At an average 2.8 years of follow-up, there were significant improvements ( P < .01) in Altomare ODS score, FISI, PAC-QoL, and FIQLS in all patients when comparing scores from before the operation with those at the final follow-up. Similar results were also observed in both the urgency subgroup and passive fecal incontinence subgroup, but there were no statistically significant improvements ( P > .05) in Altomare ODS score, FISI, PAC-QoL, or FIQLS in the urgency and passive fecal incontinence subgroups.

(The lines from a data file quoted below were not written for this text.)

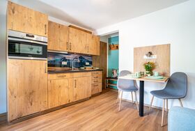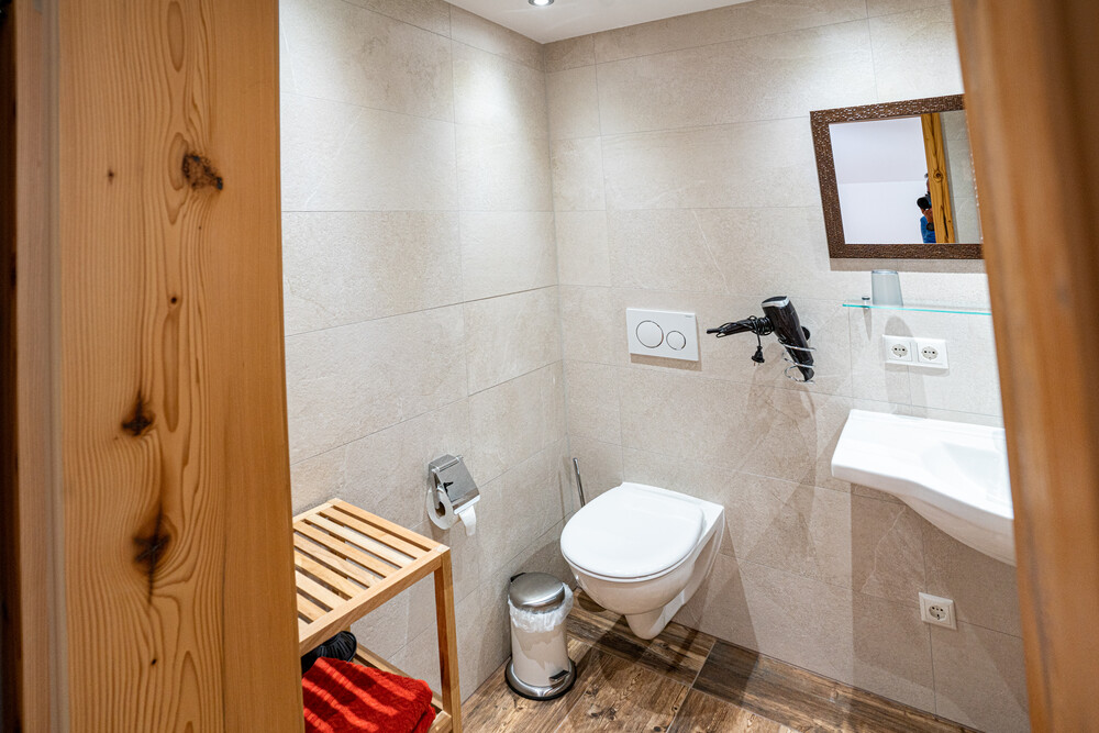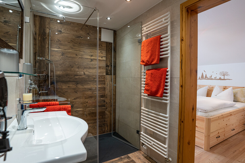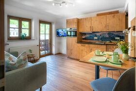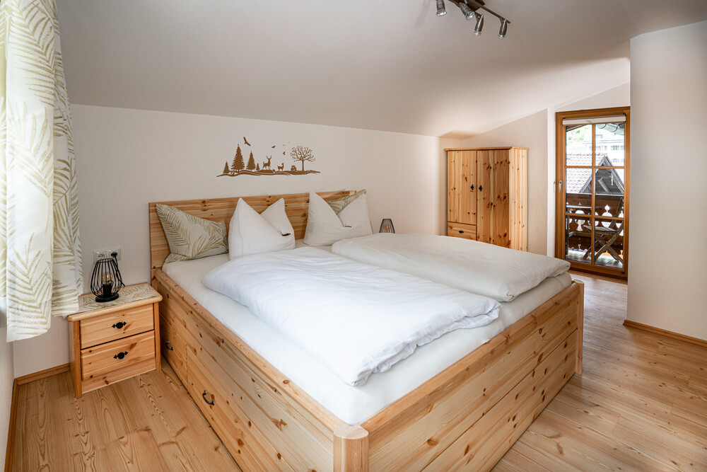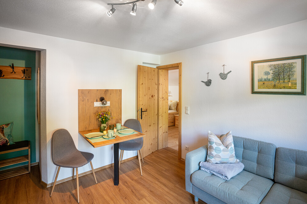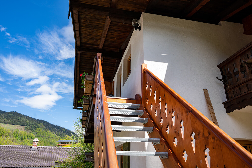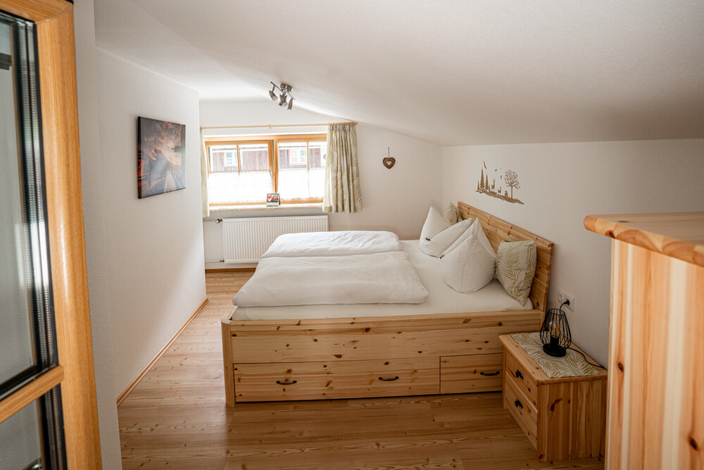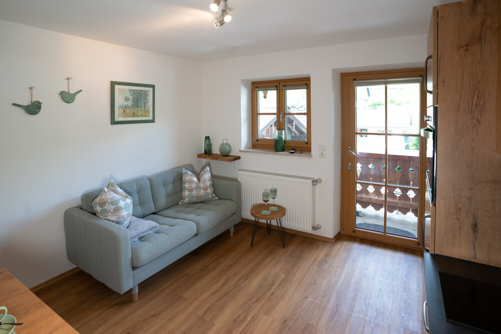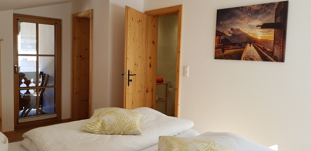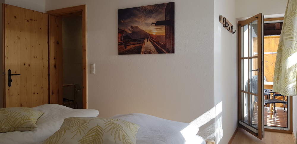 Unsere neu errichtete Ferienwohnung im Obergeschoß mit eigenem Eingang und Balkon zur Nord- und Südseite ist mit viel Liebe zum Detail modern-rustikal eingerichtet, dort werden Sie sich auf Anhieb wohl fühlen. Die Wohnung ist ausgestattet mit einer großzügigen Küche mit 2-Platten-Herd im Wohn-Esszimmer mit gemütlicher Couch und TV und einem kleinen Esstisch. Das separate Schlafzimmer mit Zugang zum Badezimmer lädt zum Träumen und Ausschlafen ein. W-LAN kostenlos im gesamten Haus.
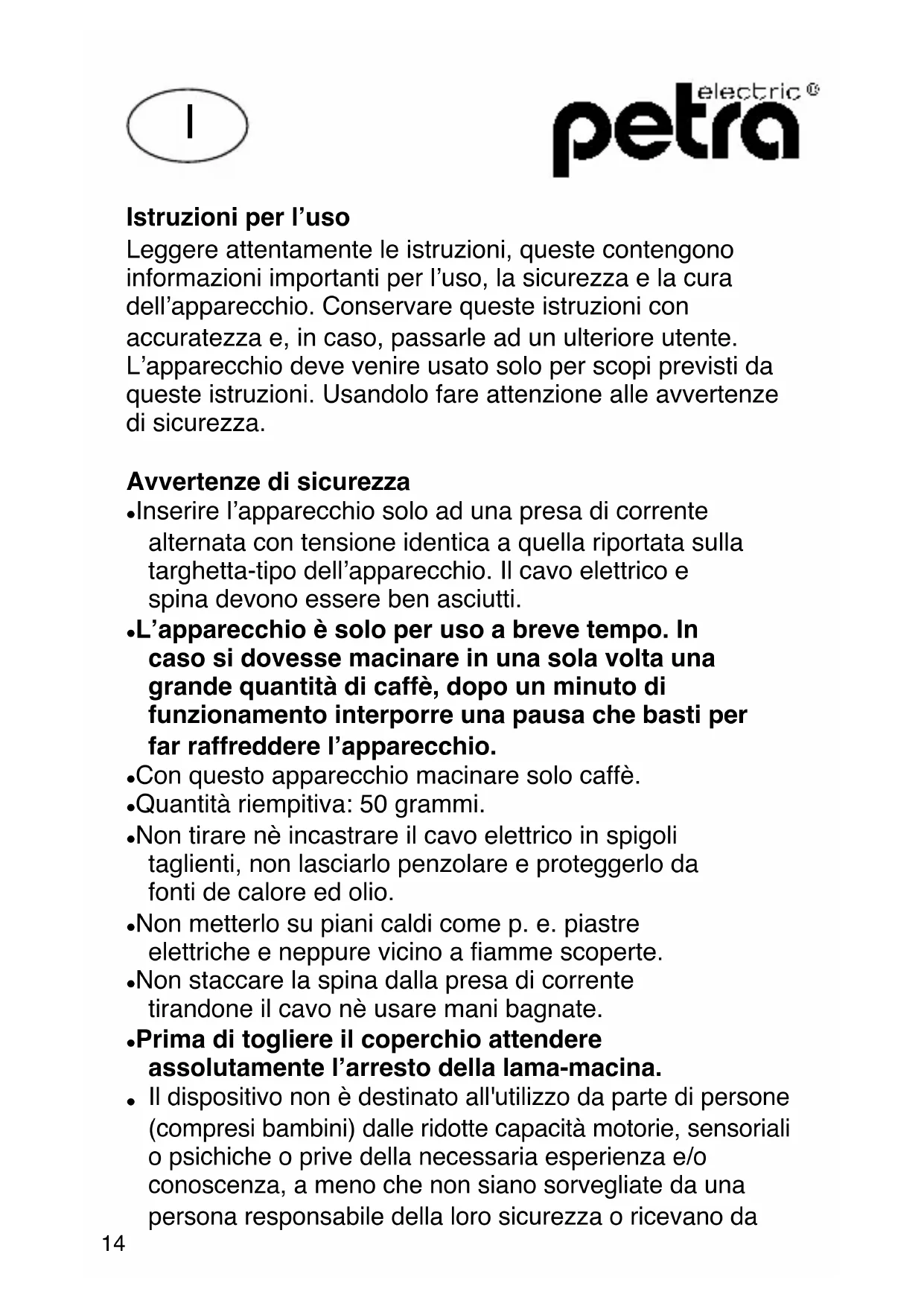 13Istruzioni per l’uso Leggere attentamente le istruzioni, queste contengono informazioni importanti per l’uso, la sicurezza e la cura dell’apparecchio. Conservare queste istruzioni con accuratezza e, in caso, passarle ad un ulteriore utente. L’apparecchio deve venire usato solo per scopi previsti da queste istruzioni. Usandolo fare attenzione alle avvertenze di sicurezza. Avvertenze di sicurezza Inserire l’apparecchio solo ad una presa di corrente alternata con tensione identica a quella riportata sulla targhetta-tipo dell’apparecchio. Il cavo elettrico e spina devono essere ben asciutti. L’apparecchio è solo per uso a breve tempo. In caso si dovesse macinare in una sola volta una grande quantità di caffè, dopo un minuto di funzionamento interporre una pausa che basti per far raffreddere l’apparecchio. Con questo apparecchio macinare solo caffè. Quantità riempitiva: 50 grammi. Non tirare nè incastrare il cavo elettrico in spigoli taglienti, non lasciarlo penzolare e proteggerlo da fonti de calore ed olio. Non metterlo su piani caldi come p. e. piastre elettriche e neppure vicino a fiamme scoperte. Non staccare la spina dalla presa di corrente tirandone il cavo nè usare mani bagnate. Prima di togliere il coperchio attendere assolutamente l’arresto della lama-macina.
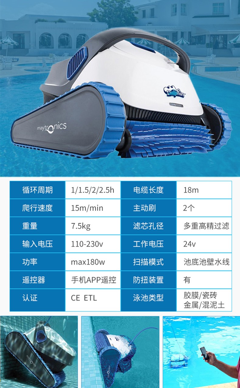 Maytronics Dolphin 2 2 fully automatic sewage suction machine swimming pool intelligent underwater cleaning robot underwater vacuum cleaner Dolphin 2x2 including swimming pool chemicals
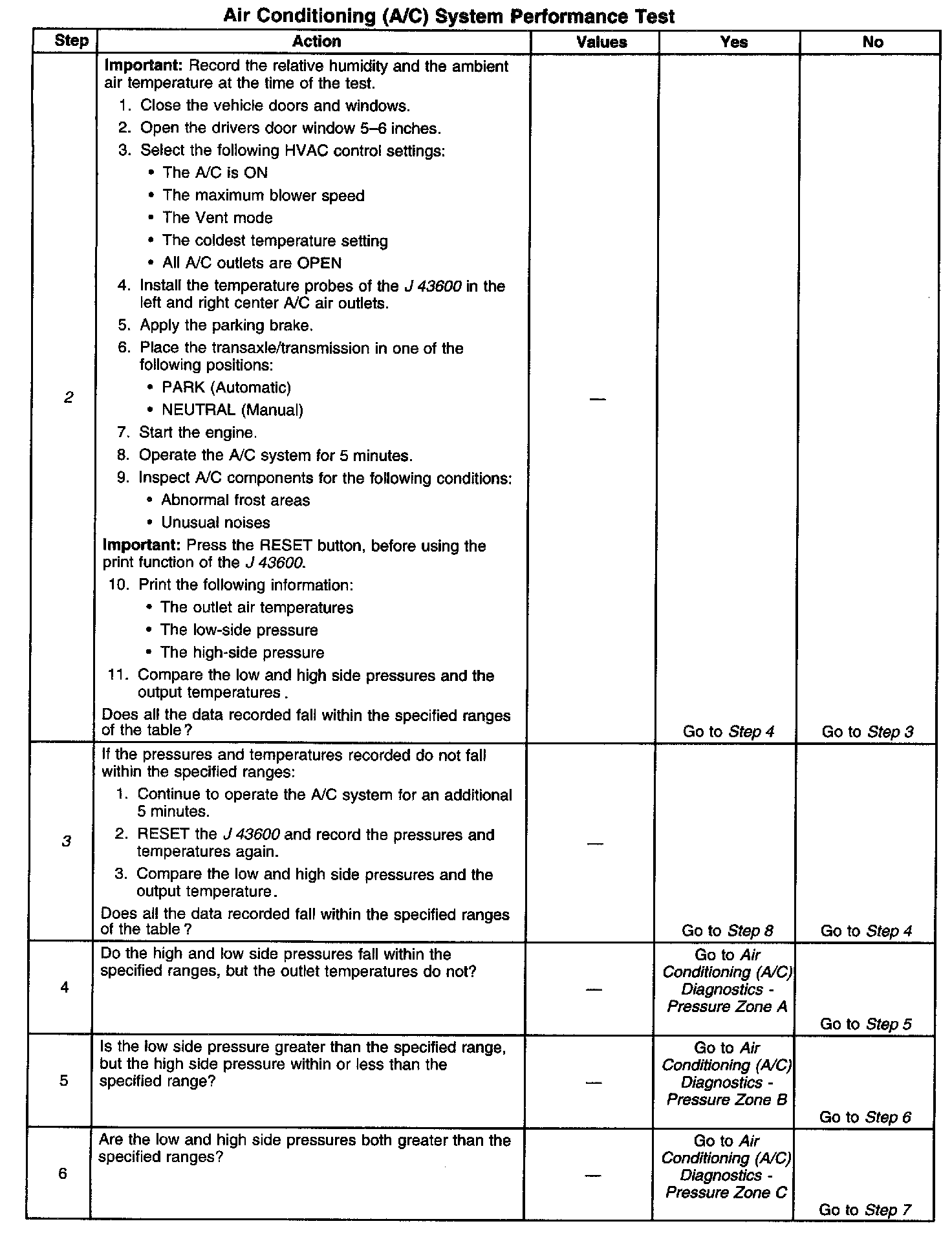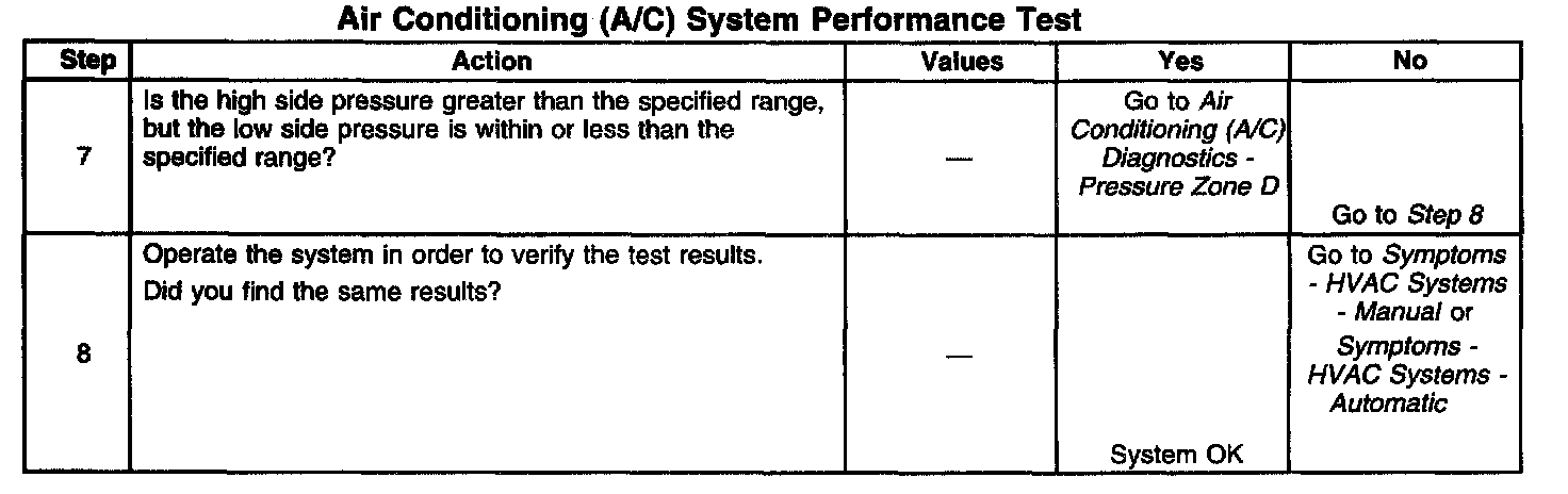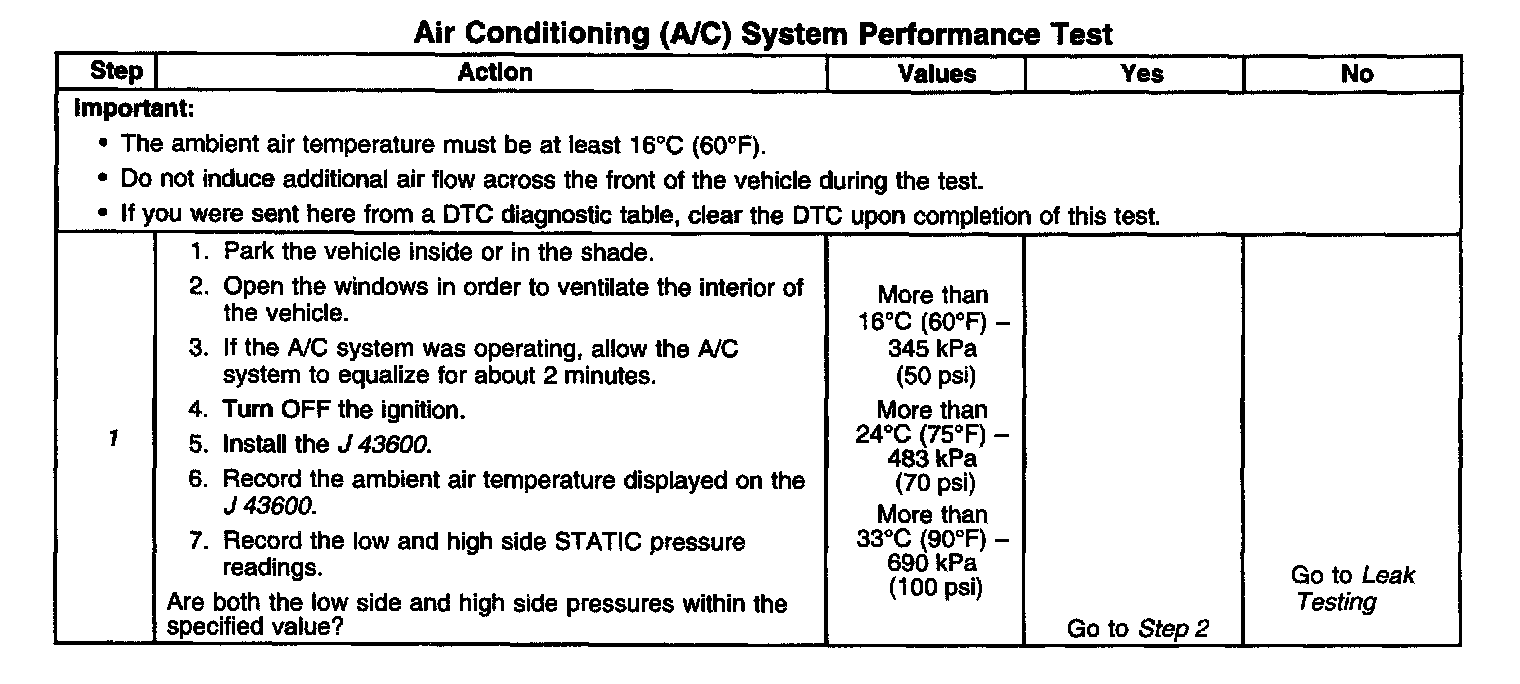 1. This step determines if the A/C system has at least the minimum refrigerant charge required to operate the system without damage.

Anorectal manometry showed the mean value of anal resting pressure increased 20%. Additionally, no major complications occurred.

CONCLUSION

Internal Delorme's procedure is effective without major morbidity for treating ODS associated with urgency or passive fecal incontinence, but it may be less effective for treating ODS associated with both urgency and passive fecal incontinence.

摘要

目的

本研究旨在评估改良Delorme手术治疗肛门节制功能受损的排便障碍综合征(ODS)患者的中期疗效。

患者与方法

在一项回顾性研究中,将2011年至2015年间接受改良Delorme手术的41例ODS患者,根据术前存在的急迫性、被动性大便失禁及两者皆有的肛门节制功能受损相关症状分为3个亚组。然后通过标准化问卷调查并收集患者的术前状况、围手术期并发症及术后结果,问卷包括阿尔托马雷ODS评分、大便失禁严重程度指数(FISI)、便秘患者生活质量评估问卷(PAC-QoL)和大便失禁生活质量量表(FIQLS)。所有双侧P < 0.05的结果均被视为具有统计学意义。

结果

平均随访2.8年时,将所有患者术前评分与末次随访时的评分相比,阿尔托马雷ODS评分、FISI、PAC-QoL和FIQLS均有显著改善(P < 0.01)。在急迫性亚组和被动性大便失禁亚组中也观察到类似结果,但在急迫性和被动性大便失禁亚组中,阿尔托马雷ODS评分、FISI、PAC-QoL或FIQLS均无统计学意义上的显著改善(P > 0.05)。肛门直肠测压显示肛门静息压平均值升高了20%。此外,未发生重大并发症。

结论

改良Delorme手术治疗伴有急迫性或被动性大便失禁的ODS有效且无重大并发症,但对于治疗同时伴有急迫性和被动性大便失禁的ODS可能效果较差。